Ambulance workers on strike told of the huge pressure on services as they went out on strike on Wednesday 11 January.
Paramedics, emergency care assistants and call handlers are on strike from 7 am to 7 pm on in Nottinghamshire, Leicestershire, Lincolnshire, Derbyshire and Northamptonshire.
The walkout is the second in a month following a similar action on December 21.
The Government says most ambulance staff have already received a rise of at least four per cent, increasing the average basic pay per person to around £34,300.
But around 2,000 East Midlands Ambulance Service (EMAS) workers – around half its total workforce – took part in a wave of nationwide action today to try to push the Government for a pay rise above inflation and highlight ongoing NHS pressures.

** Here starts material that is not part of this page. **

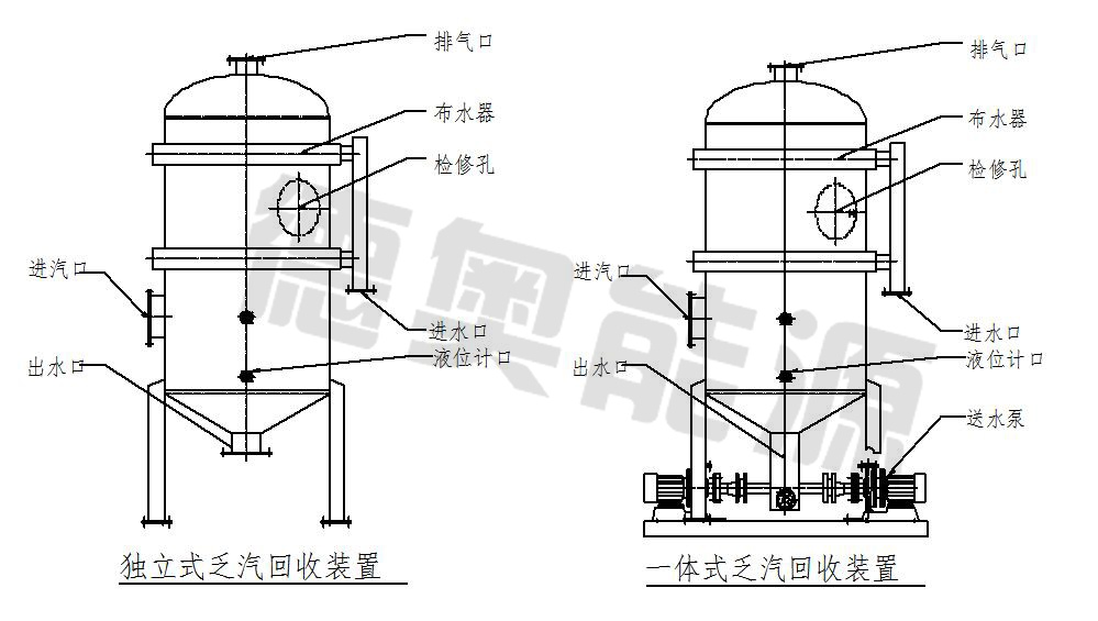 二是一體式。對(duì)安裝位置沒(méi)有特殊要求,能將乏汽回收并送往指定位置,設(shè)備全自動(dòng)控制。設(shè)備主體、控制儀表、控制柜、水泵及設(shè)備底座一體化設(shè)

Rachael Dexter, an EMAS technician who has worked for the service for three years, is on strike but still responding to category one and two calls.
She said: “Morally it doesn’t sit right with me not to go out to someone who needs us.
“For me, it’s not just about pay, we ate understaffed and under-resourced. We need more funding, more ambulances and more staff.
“Hospitals are absolutely rammed at the moment, it’s not their fault but there’s a big shortage in social care which stops people going home which has a knock-on effect on us.
“We are in a queue waiting to hand someone over and while we’re there we hear immediately life-threatening calls that none of us can respond to. It’s really frustrating.
“The public need education on when to call and what is life-threatening. Today, people are being told to only call if it’s life-threatening and that should be every day.”
Lance Allen, an ambulance technician, was not on shift today but joined his colleagues in solidarity. He has worked for EMAS for five years.
He said: “Ambulance services across the country are at breaking point, we’re knackered, we’re exhausted but we’re still doing our best.
“It’s busier than it ever has been. We are working harder than we ever have done. We are attending more jobs than we ever have.
“We are going to people who would usually wait two hours on the floor and now they are waiting eight to 10 hours. We are seeing that more often than not.
“I used to be able to do four jobs in the first six hours of my shift. Now I’m lucky if I get to do one.
“Pay is part of it – there needs to be a substantial pay rise to help us with the cost of living like every other sector in the country.”
He added that there has been a “phenomenal change” in his five years working for the service.
He added: “Once we are with a patient we cannot leave them until we have handed them over, we will have our radios on so control will give us shutouts.
“We are hearing more and more of these shout-outs for category one calls – immediately life-threatening calls – and the nearest resource for a call in Nottingham can be 45 minutes away because it’s coming from somewhere like Worksop.”
Mark Dawn, Branch secretary for GMB EMAS and a trained paramedic, added: “If not now, when? At some point, this will grind to a halt.
“Ambulances are outside hospitals for up to 10 hours with people on board. Why is that allowed to be the case?
“Three years ago we clapped on the doorstep and it was quite humbling. Boris said we were heroes, but now we are seen as villains.
“In December the government weren’t talking at all, now they’ve started to talk a little bit. They need to talk more.
“The sooner the government addresses this the sooner it ends.”
Ben Holdaway, Director of Operations at EMAS, said the last day of strike action in December was “immensely challenging”.
He said: “We are again working closely with trade union colleagues, and NHS and blue-light service providers across the region to do all we can to minimise the impact on patient safety.
“Our operational teams have developed contingency plans to aim to maximise the number of ambulance staff and volunteers we have available to respond to patients, as well as clinical staff able to carry out remote clinical assessments.
“However, we again anticipate that on Wednesday there will be fewer ambulances available and therefore our responses to our patients will, inevitably, be much slower on the day.”
Health Secretary Steve Barclay said: “Today’s ambulance strike is an unwelcome return to unnecessary disruption and comes at a time when the NHS is already under huge pressure from Covid and flu.
“While we have contingency plans in place, including support from the military, community first responders and extra call handlers, to mitigate risks to patient safety, there will inevitably be some disruption for patients with fewer ambulances on the road.”